The Manhattan district attorney who is handling the prosecution, Robert Morgenthau, also declined to comment. But according to Barbara Thompson, a spokeswoman for the D.A.'s office, because the murder took place before the state's hate-crimes law went into effect, classification of the crime as a bias attack would have little effect.

She added that the purpose of hate-crimes legislation is to enhance the penalties in bias-related cases, but in this case, the defendant is already being charged with murder, so no additional penalties could be applied. As she put it, "You simply can't enhance a homicide."

But others argue that labeling it as a bias crime would aid future efforts to protect transgender people.

"Even if it doesn't bear any weight on this specific case, it would lend weight to our argument," said Pauline Park, co-founder of the New York Association for Gender Rights Advocacy, which helped draft New York's hate-crimes bill. "It would be an example of a hate crime based on gender identity that prosecutors could look at in terms of sorting out 'gender identity' from 'sexual orientation.' Her case is a case in which specific epithets were hurled at her, and it was not her sexual preference that was hurled at her, it was her gender identity."

Park said that although the state's statute covers crimes motivated by race, sex or sexual orientation, it does not cover "gender identification or presentation," and transgender people are not necessarily gay.

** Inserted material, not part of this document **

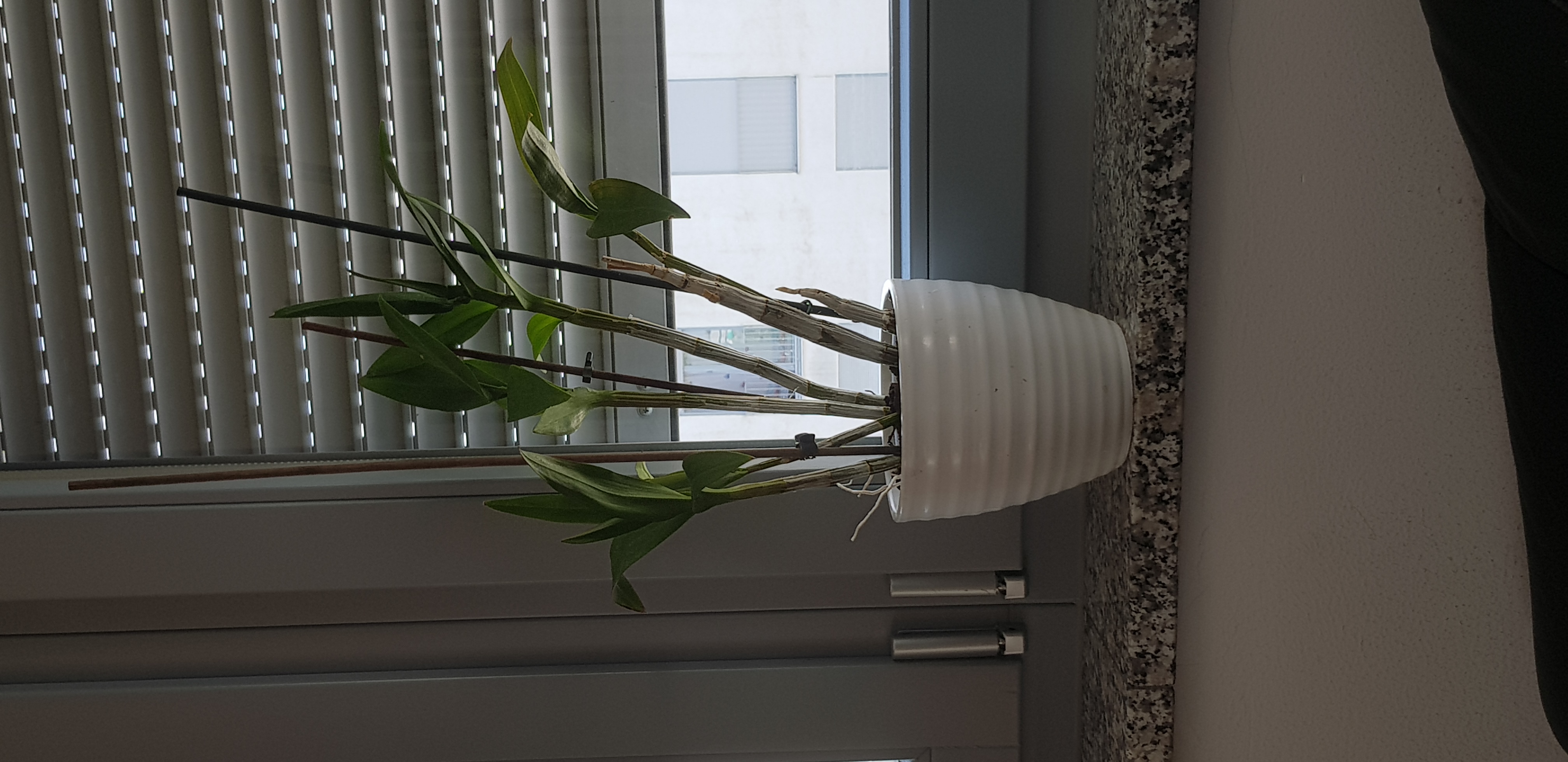 ich hatte aus dem Büro eine eher sterbende Pflanze mit nach Hause genommen. Es sollte eine Orchidee sein. Die hat nur sehr wenige Luftwurzeln. Allerdings nicht wie bei einer Phaleanopsis fleischig und grün, sondern sehr dünn und weiß. Nach langem wässern kurz auch mal grün. Aber nicht vertrocknet. Sie hatte längere Stängel/Triebe zwischen den obersten Blättern, allerdings komplett tot. Nach umtopfen und vorsichtigen gießen sieht sie wieder etwas gesünder aus. Könnt ihr mir einen Tipp geben, wie sie heißt, um mir Pflegeanleitungen zu suchen? Sie soll ja irgendwann wieder blühen. Den Weg in den Müll wollte ich ihr ersparen.
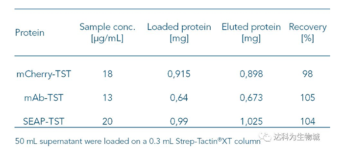 因Strep-Tactin?XT與Twin-Strep-tag蛋白的高親和力,即使目標(biāo)蛋白的濃度低,使用Strep-Tactin?XT仍可以有效的捕捉上清中的目標(biāo)蛋白。表C整理了幾個實驗的數(shù)據(jù),顯示當(dāng)目標(biāo)蛋白濃度低于20μg/ml時,得率仍能達到幾近100%。

NYAGRA is now drafting an amendment to the hate-crimes law to add such protection.

In the meantime, transgender activists are using the death of Milan to promote their cause. "Gays have rights, lesbians have rights, men have rights, women have rights, even animals have rights," Milan's friend St. Laurent told the crowd gathered at the eulogy. "How many of us have to die before the community recognizes that we are not expendable?" She ended by declaring, "Death will not be the last word for Amanda Milan."


By Nina Siegal

Nina Siegal is an urban life reporter for Bloomberg News.